Я услышала в динамике сдавленный шёпот, явно принадлежащий Чанухину, и сбросила вызов, еле удержавшись от желания со злости и бессилия швырнуть телефон об пол. Хотелось сползти вниз, обхватить колени руками и рыдать, пока этот бесконечно невыносимый день не подойдёт к концу, перешагнув рубеж полночи.

Часы показывали всего лишь пятнадцать минут седьмого, а мне уже удалось достигнуть дна, ниже которого падать было некуда. Прислонившись спиной к стене, я морщилась и задерживала дыхание, чтобы поскорее влить в себя весь стакан неизвестного алкоголя, не имея ни малейшего понятия, что буду делать после. Всего пары глотков оказалось достаточно, чтобы ощутить сильное головокружение и потерю контроля над собственным телом, а ещё вспомнить, что помимо завтрака я за весь день съела лишь пару конфет, словно заранее готовилась к вечерней попытке напиться до невменяемости.

Моё внимание оставалось приковано к раскинувшейся на диване девушке: длинные и стройные ноги, обтянутые чёрными леггинсами, вытянуты вперёд и упираются ступнями в журнальный столик, из-под белой свободной майки виднеется чёрный кружевной бюстгальтер, на запястьях и шее с десяток золотистых цепочек, наверняка звонко брякающих при движении. А двигалась она грациозно, нарочито сексуально, без сомнения, наслаждаясь своей идеальной, как у фотомодели, фигурой и прекрасным кукольным личиком, которое не смогла опошлить даже ярко-красная помада, призывным пятном выделяющаяся на губах. Не девушка, а образец несбыточных грёз простушек вроде меня и влажных снов обычных парней.

Она ничем не изменилась внешне, кроме нового выжженного белого цвета волос вместо приятного светло-русого, с которым ещё в июне получала диплом об окончании нашей гимназии.
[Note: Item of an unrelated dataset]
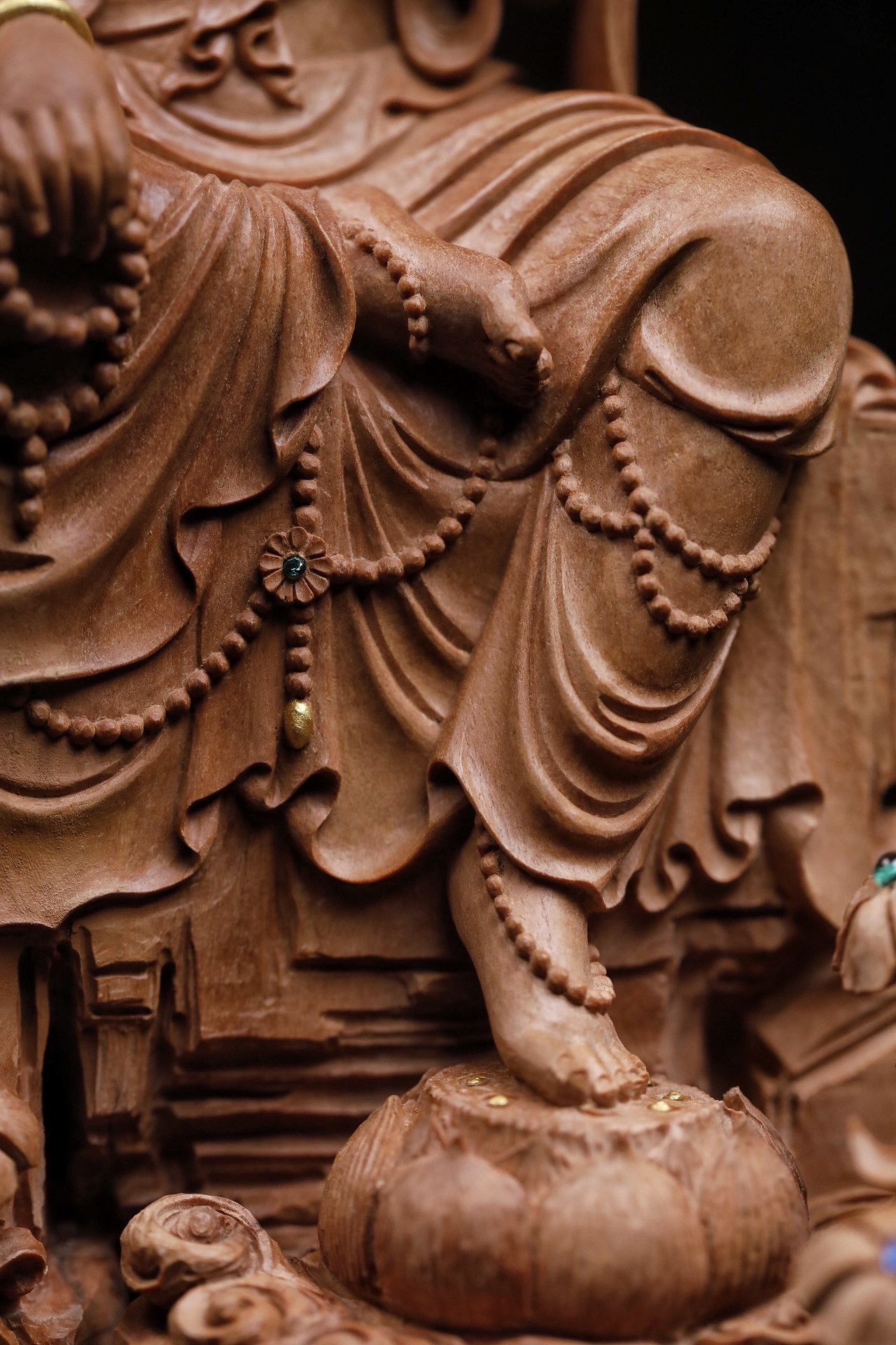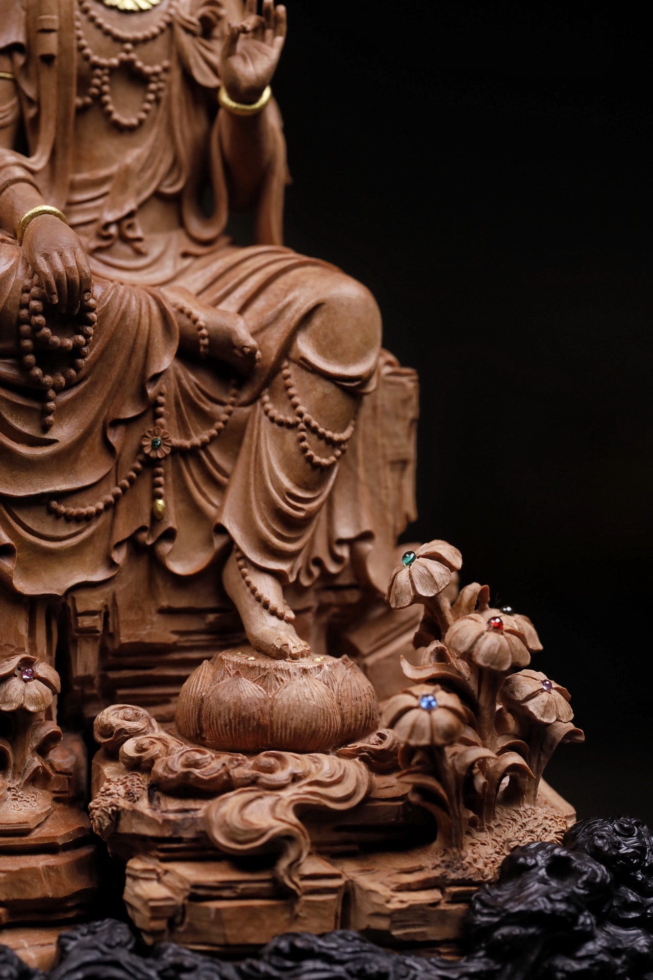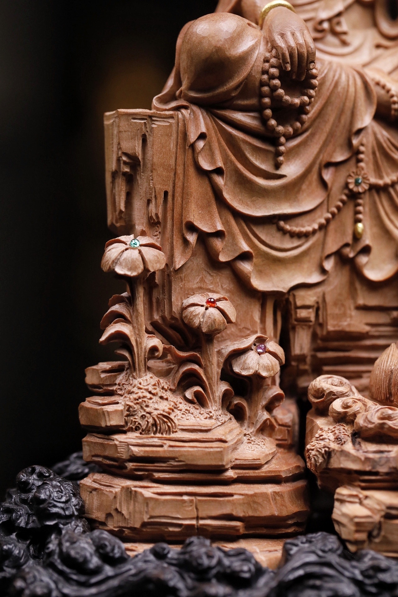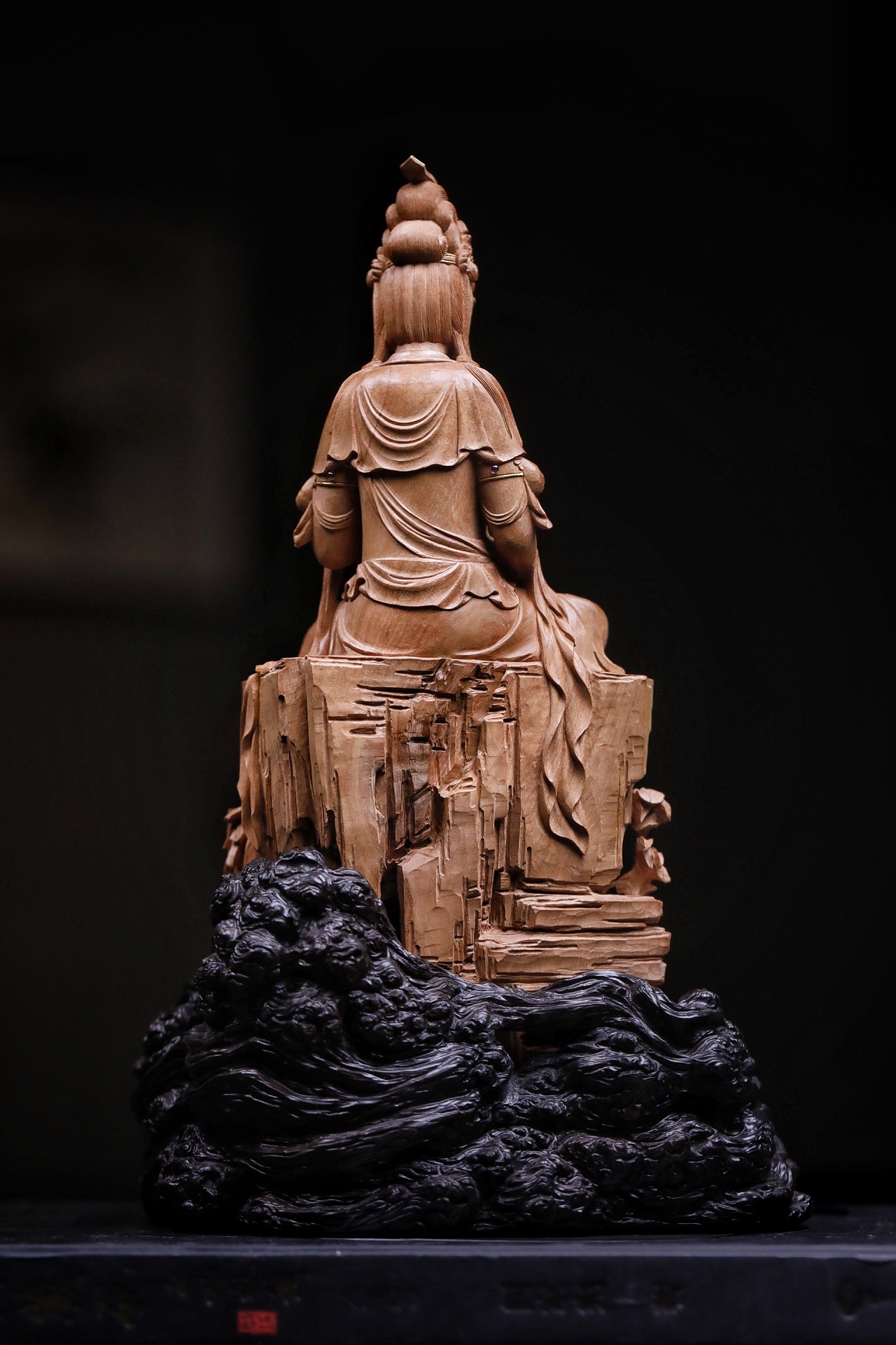 老山檀香|持珠观音·清刀制像取整料成器,雕观音自在趺坐,手持念珠、颔首垂目,面容温婉慈悲,衣袂层叠如流云。木雕细节毕现,璎珞、莲台雕琢精巧,檀香醇厚沁脾,兼具观瞻之美与禅修之韵,为收藏重器。规格:13×10×23cm重量490g底座:19×12×10cm整体高度27cm

Шикарная и неповторимая Ника, бывшая девушка Иванова. А может быть, вовсе и не бывшая? Я ведь ничего не знала ни о нём, ни о его личной жизни, черпая информацию по недостоверным отрывкам случайно подслушанных разговоров.

Не знаю, почему я так сильно психанула, увидев здесь её, настолько очаровательно-неприступно-доступную, что захотелось окончательно втоптать себя в грязь, находя в ней всё больше плюсов, а в себе – бесконечное количество минусов. Это сравнение изначально было обречено на провал, но останавливаться не хотелось. Что если получится окончательно выбить всю дурь из своей головы? Навсегда запомнить вот этот образ по-настоящему шикарной девушки, чтобы потом смотреться в зеркало и понимать, как бесконечно далеко мне до такой красоты; чтобы вовремя остановиться, когда только начинает казаться, будто у меня может быть хоть один шанс занять место, предназначенное для подобных ей королев.
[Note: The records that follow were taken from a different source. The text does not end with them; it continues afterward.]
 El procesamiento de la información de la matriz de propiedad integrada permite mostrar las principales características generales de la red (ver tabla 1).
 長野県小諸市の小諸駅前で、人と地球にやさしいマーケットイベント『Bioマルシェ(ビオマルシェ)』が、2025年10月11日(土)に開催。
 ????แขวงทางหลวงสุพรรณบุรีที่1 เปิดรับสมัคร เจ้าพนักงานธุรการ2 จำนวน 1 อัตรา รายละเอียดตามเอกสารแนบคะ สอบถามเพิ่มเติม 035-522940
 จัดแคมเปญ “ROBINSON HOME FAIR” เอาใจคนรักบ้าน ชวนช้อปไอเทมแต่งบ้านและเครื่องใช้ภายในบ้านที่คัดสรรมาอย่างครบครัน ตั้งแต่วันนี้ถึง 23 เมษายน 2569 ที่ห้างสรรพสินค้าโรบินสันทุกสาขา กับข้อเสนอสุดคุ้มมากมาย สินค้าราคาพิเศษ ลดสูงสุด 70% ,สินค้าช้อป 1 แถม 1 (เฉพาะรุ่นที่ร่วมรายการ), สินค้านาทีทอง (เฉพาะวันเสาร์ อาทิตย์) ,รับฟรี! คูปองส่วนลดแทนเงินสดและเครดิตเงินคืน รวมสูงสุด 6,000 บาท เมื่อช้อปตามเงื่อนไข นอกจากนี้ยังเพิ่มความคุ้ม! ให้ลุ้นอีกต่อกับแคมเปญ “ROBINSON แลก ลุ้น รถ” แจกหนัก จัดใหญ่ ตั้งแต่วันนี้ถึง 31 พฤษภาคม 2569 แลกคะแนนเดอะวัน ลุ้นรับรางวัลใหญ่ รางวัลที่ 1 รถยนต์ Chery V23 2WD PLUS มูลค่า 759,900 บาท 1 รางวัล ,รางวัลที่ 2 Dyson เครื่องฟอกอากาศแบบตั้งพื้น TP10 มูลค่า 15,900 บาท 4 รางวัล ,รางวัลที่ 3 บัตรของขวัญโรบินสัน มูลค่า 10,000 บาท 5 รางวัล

Ненавистные слёзы слабости и отвращения к себе, моих верных спутников по жизни, падали прямиком в стакан, до сих пор зажатый в ладони и пустой уже наполовину. Алкоголь стремительно разносился по телу с током крови, вынуждая крепче держаться за любую попадавшуюся на пути крепкую опору, но одновременно с тем позволяя со всей несвойственной мне в трезвом состоянии смелостью взглянуть правде в глаза.

И тогда я впервые осмелилась осознанно проговорить про себя одну единственную фразу, а потом ещё и ещё, постепенно свыкаясь с болью и отчаянием, которые нёс только что признанный и уже принятый мной смертельный приговор.

Я влюбилась в Максима Иванова.

========== Глава 16. Про то, как всё рухнуло. ==========

Комментарий к Глава 16. Про то, как всё рухнуло.

Песня, упоминающаяся в главе: Wicked game именно в исполнении Джеммы Хейс.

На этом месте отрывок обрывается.